EXERCISE INSTRUCTIONS :: Make an exact transcript of the lines in the data below, starting with the one containing "10月12日,第十五届全国运" and going on through the one containing "3、想玩的话,直接点击游戏入", with both included and the pictures left out.

MATERIAL PROVIDED ::

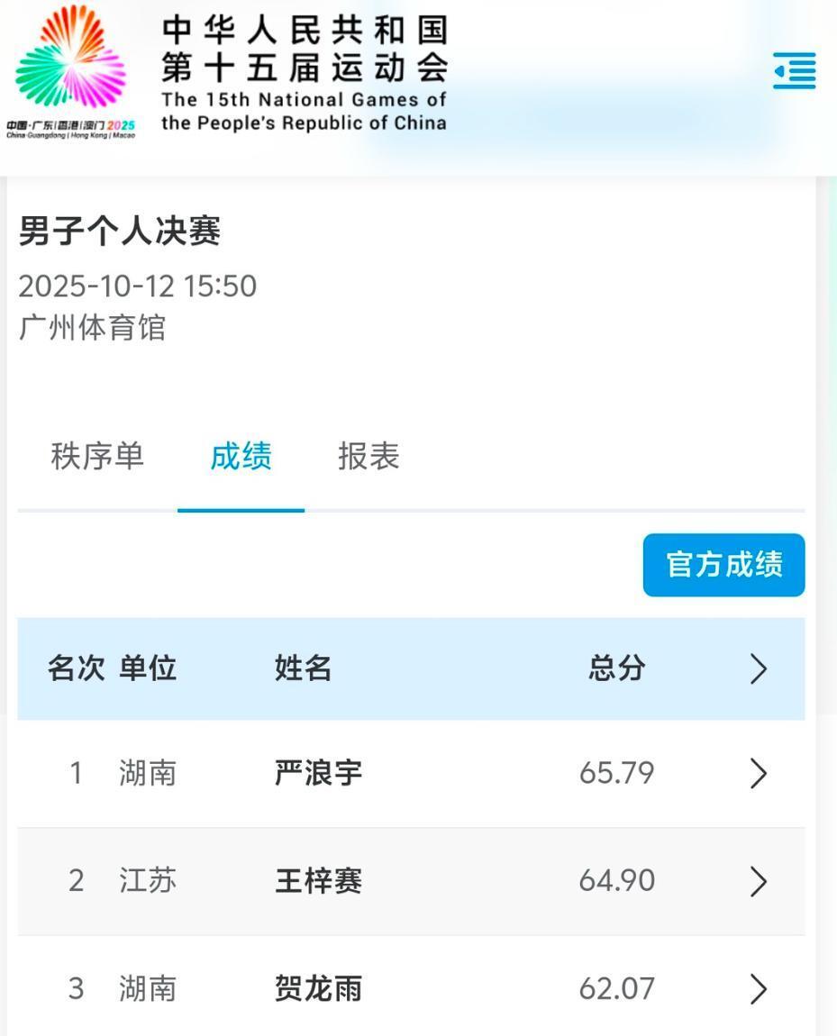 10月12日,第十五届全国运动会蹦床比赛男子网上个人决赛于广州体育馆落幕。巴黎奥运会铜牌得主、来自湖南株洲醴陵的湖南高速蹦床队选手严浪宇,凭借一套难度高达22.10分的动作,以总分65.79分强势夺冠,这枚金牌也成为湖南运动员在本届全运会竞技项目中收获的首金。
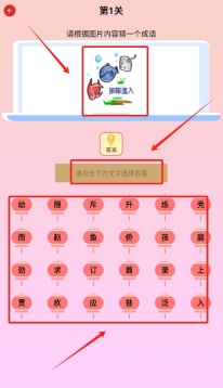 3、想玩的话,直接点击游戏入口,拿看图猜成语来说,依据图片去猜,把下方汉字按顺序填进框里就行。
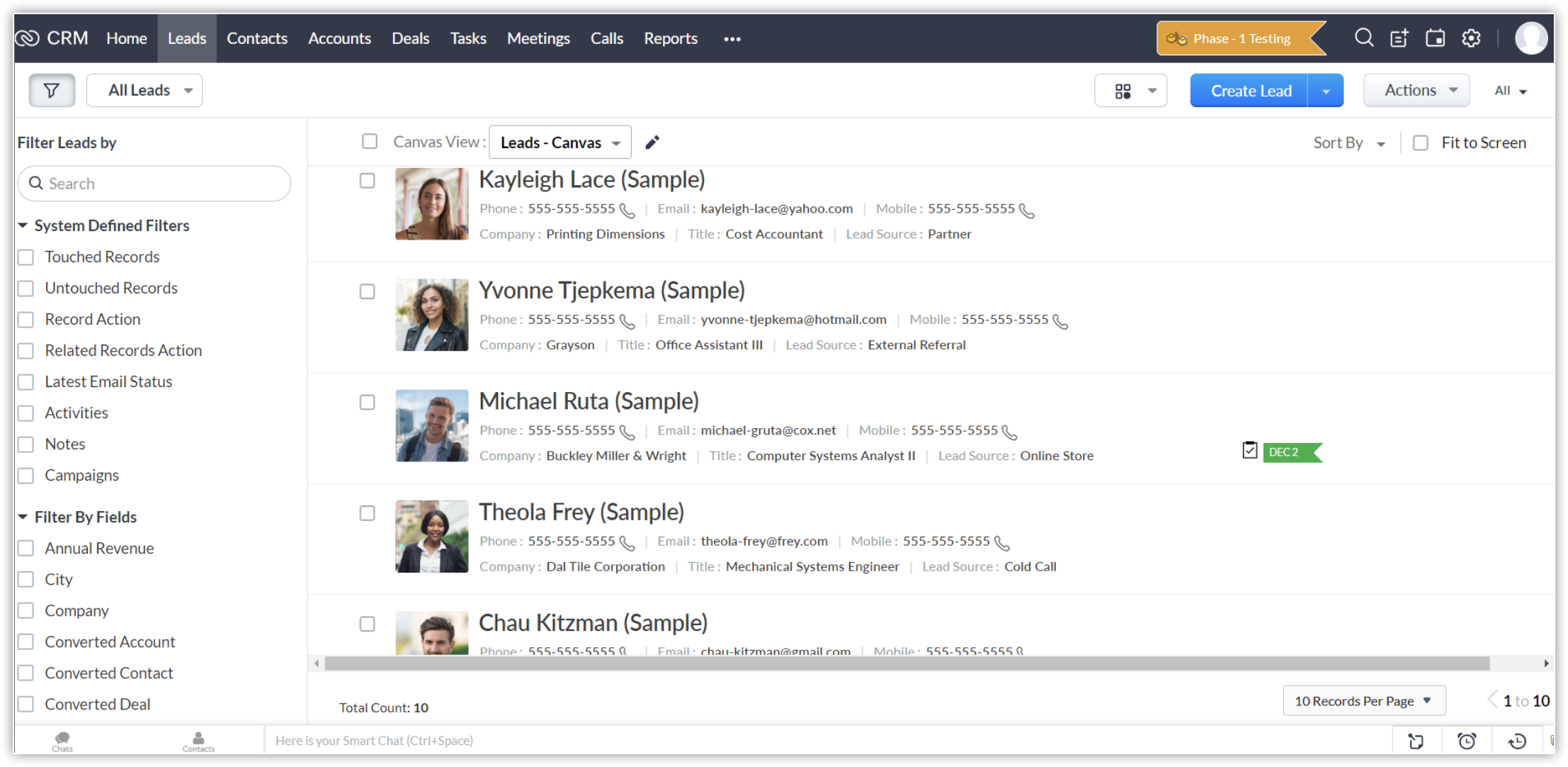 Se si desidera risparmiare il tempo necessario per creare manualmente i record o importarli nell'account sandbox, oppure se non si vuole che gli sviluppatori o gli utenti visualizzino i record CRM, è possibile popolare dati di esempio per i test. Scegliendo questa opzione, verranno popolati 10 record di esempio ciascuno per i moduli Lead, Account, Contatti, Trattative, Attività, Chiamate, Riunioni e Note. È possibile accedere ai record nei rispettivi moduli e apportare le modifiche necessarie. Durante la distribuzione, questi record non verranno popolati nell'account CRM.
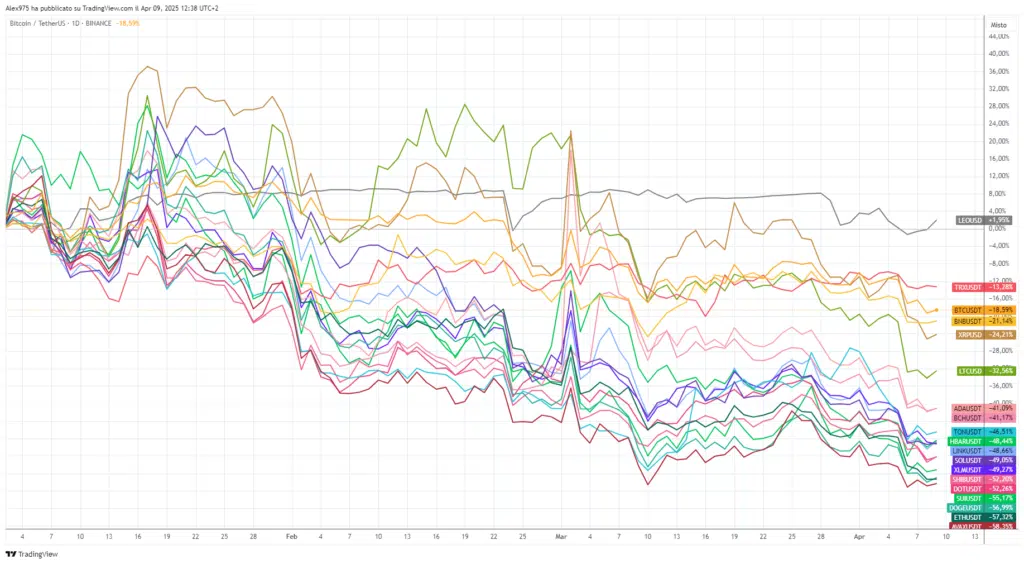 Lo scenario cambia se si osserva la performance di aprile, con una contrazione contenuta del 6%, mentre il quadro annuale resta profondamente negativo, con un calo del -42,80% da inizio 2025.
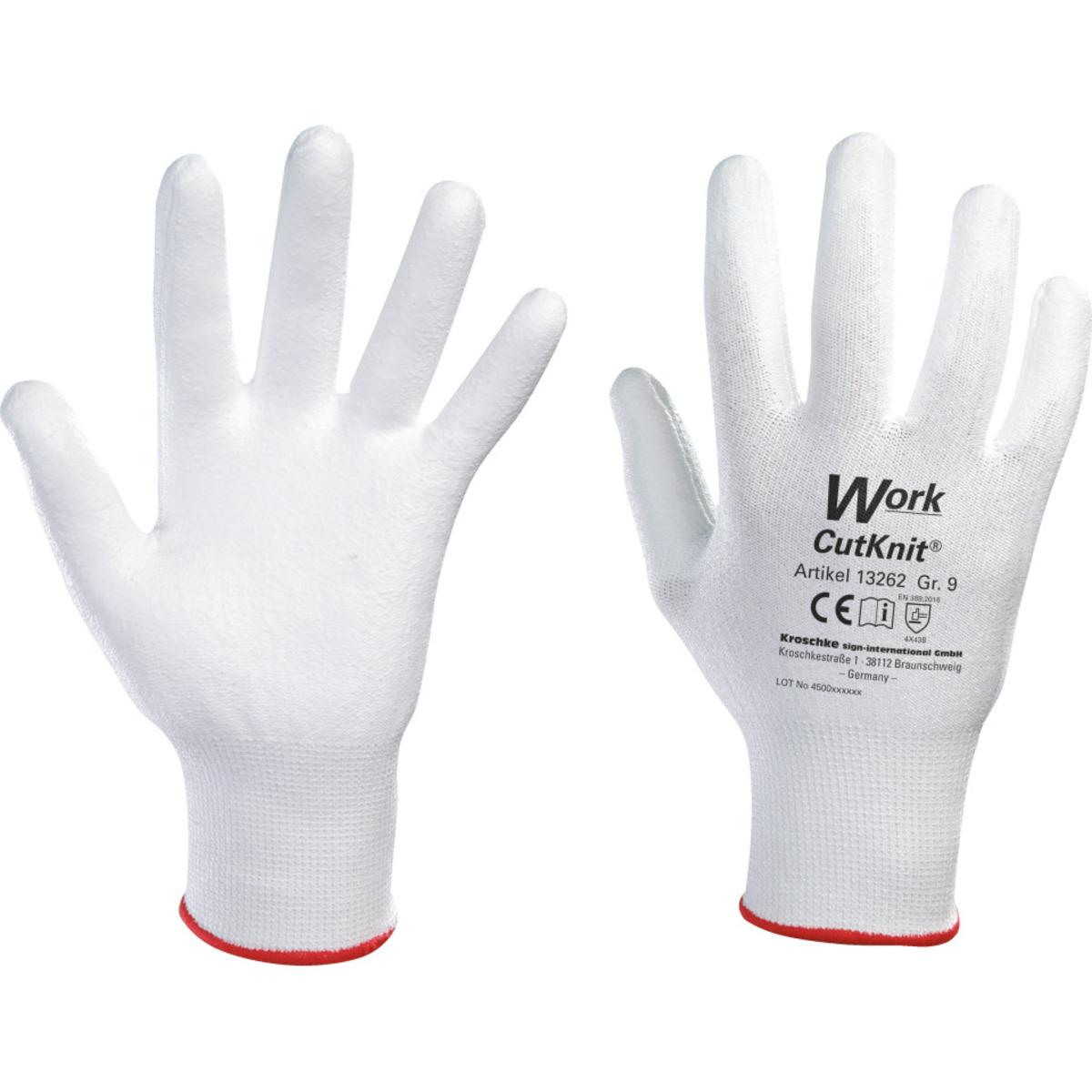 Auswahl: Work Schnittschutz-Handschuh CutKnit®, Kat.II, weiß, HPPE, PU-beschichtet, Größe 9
---
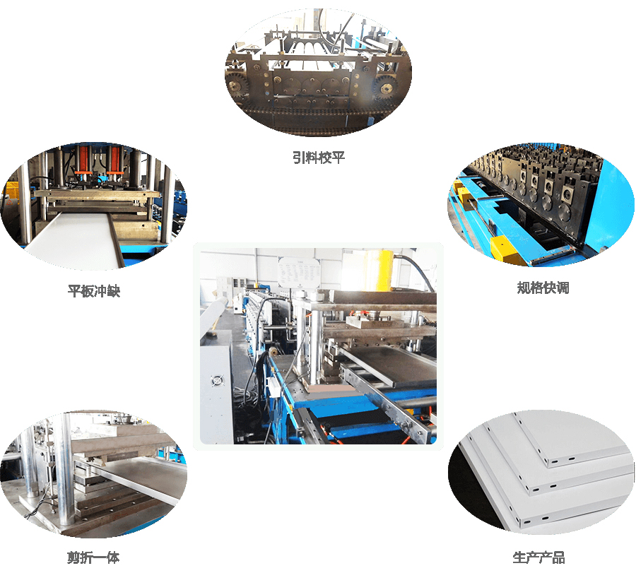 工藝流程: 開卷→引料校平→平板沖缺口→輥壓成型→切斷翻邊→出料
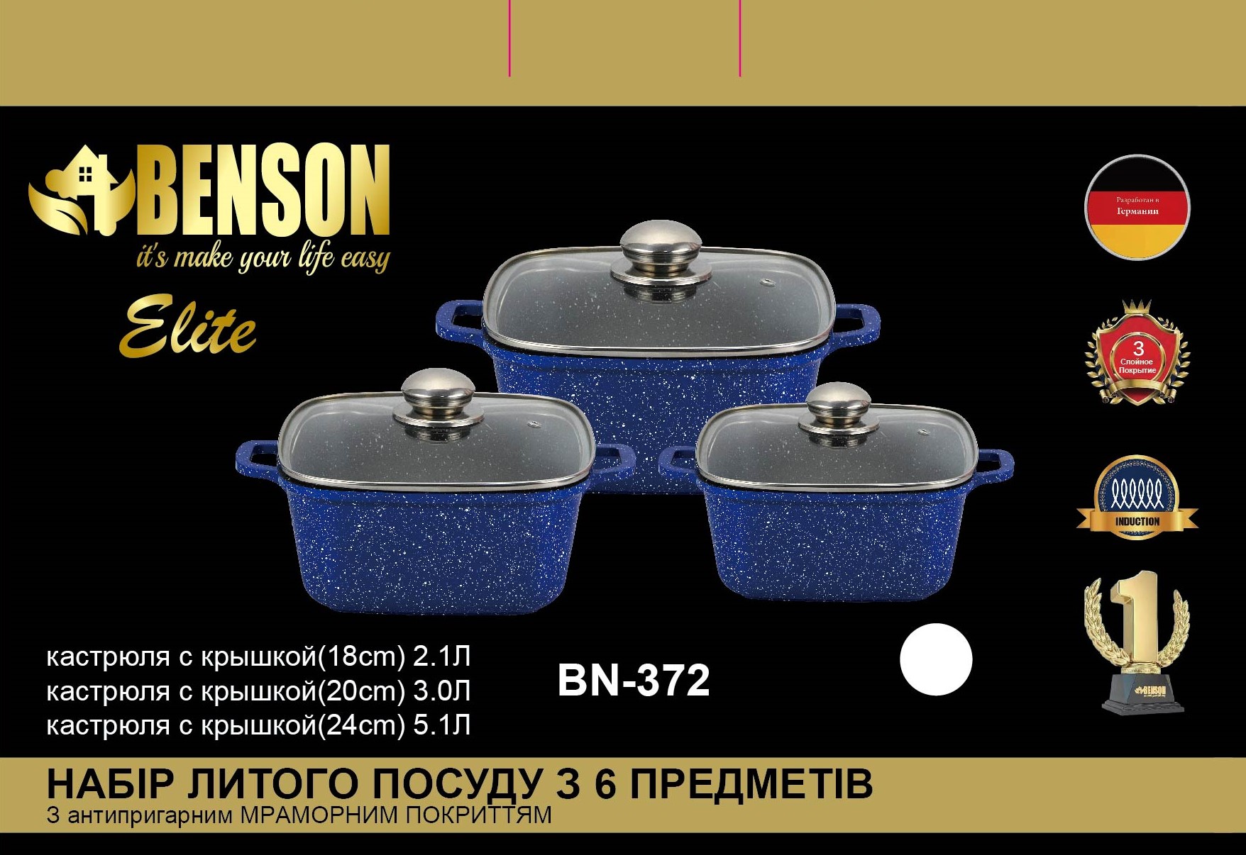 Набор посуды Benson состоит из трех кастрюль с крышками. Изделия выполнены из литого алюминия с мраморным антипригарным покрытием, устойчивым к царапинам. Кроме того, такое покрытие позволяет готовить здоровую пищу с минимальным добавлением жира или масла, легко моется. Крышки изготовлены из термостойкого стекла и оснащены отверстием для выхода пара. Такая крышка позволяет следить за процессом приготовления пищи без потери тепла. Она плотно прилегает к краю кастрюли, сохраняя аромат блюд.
==
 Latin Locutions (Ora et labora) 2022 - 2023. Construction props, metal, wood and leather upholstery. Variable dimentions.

ANSWER SECTION ::
 10月12日,第十五届全国运动会蹦床比赛男子网上个人决赛于广州体育馆落幕。巴黎奥运会铜牌得主、来自湖南株洲醴陵的湖南高速蹦床队选手严浪宇,凭借一套难度高达22.10分的动作,以总分65.79分强势夺冠,这枚金牌也成为湖南运动员在本届全运会竞技项目中收获的首金。
 3、想玩的话,直接点击游戏入口,拿看图猜成语来说,依据图片去猜,把下方汉字按顺序填进框里就行。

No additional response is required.